Artwork
Naumaquia romana

Naumaquia romana is an oil painting by the Early Baroque Italian artist Giovanni Lanfranco. It dates from 1635 and is held in the collection of the Museo del Prado.
About this work
Subject & Meaning
The imagery of armed ships and combat evokes the imperial propaganda of power and entertainment associated with such public games.
The painting portrays a Roman naumachia, a staged sea battle, as indicated by its title. Lanfranco shows vessels on water armed with weapons, emphasizing the martial spectacle of ancient Rome. The imagery of armed ships and combat evokes the imperial propaganda of power and entertainment associated with such public games.
Thus the work represents both a historical reenactment and a symbol of Roman authority and the grandeur of imperial spectacles.
Technique & Style
The painting is executed in oil on canvas, measuring 181 cm in height and 362 cm in width. Executed in 1635, the work employs a fluid handling of oil paint to render the expansive scene of the naumachia, with particular attention to the depiction of water and reflections. The composition emphasizes dramatic light and shadow, characteristic of the Baroque style, while the figures and architecture are rendered with precise yet dynamic brushwork. The condition of the work is not detailed in the available sources.
History & Provenance
Giovanni Lanfranco executed the oil painting Naumaquia romana in 1635. The work was created on canvas and depicts scenes of water transport and weaponry. Historical records indicate that the painting was owned by Ferdinand VII of Spain. The artwork is currently held in the collection of the Museo del Prado.
Giovanni Lanfranco's painting Naumaquia romana is held in the collection of the Museo del Prado in Madrid. The work, created in 1635, was formerly owned by Ferdinand VII of Spain. The source material does not provide a specific inventory or accession number for the piece, nor does it record any exhibition history.
Legacy
The painting influenced Baroque ceiling decorations and ceiling fresco compositions through its dramatic depiction of naval combat and dynamic movement. Its composition informed later artists' approaches to large-scale decorative cycles in churches and palaces. The work's reputation grew through 18th-century scholarly references to Lanfranco's dramatic spatial arrangements and became a model for illusionistic ceiling painting.
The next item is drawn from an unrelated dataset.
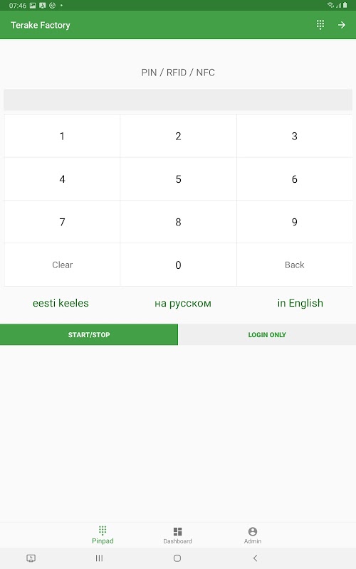 Dit is de standaardinstelling voor de Pinpad-weergave. Met de juiste toegangen (dwz de gebruiker voert de juiste pincode in), wordt de huidige taak gewisseld. Als er een taak bezig is voor de gebruiker, wordt deze beëindigd. Als de gebruiker geen lopende taak heeft, wordt een nieuwe taak gestart. Als de gebruiker een geplande of geplande taak heeft voor een bepaalde periode, begint de geplande taak. Als dit niet het geval is, zoekt het systeem naar het geselecteerde jobtype uit de laatste / meest geselecteerde jobs. Indien niet gevonden, maakt het een nieuwe job aan met de externe ID "Gestart vanaf mobiel apparaat" en start dit jobtype voor de gebruiker. NB! U kunt dit automatisch gegenereerde jobtype een andere naam geven.

Contemporary assessments note its significance in the development of quadratura techniques in Roman Baroque art. The painting remains part of the Museo del Prado collection as recorded in institutional documentation.
Overview
Giovanni Lanfranco’s Naumaquia romana, executed in oil in 1635, belongs to the early Italian Baroque. The work is part of the Museo del Prado’s collection and exemplifies the artist’s role within the Bolognese school, where he merged dynamic composition with classical influences inherited from Annibale Carracci.
Context
Created during a period when the Bolognese school sought to balance Carracci’s classicism with the emerging Baroque vigor, the painting illustrates Lanfranco’s synthesis of disciplined form and theatrical vigor, typical of early 17th‑century Italian art.
Artist & collection
Artist
Giovanni Lanfranco (26 January 1582 – 30 November 1647) was an Italian Baroque painter. He was a distinguished artist of the Bolognese school, deeply influenced by Annibale Carracci's’ classicism.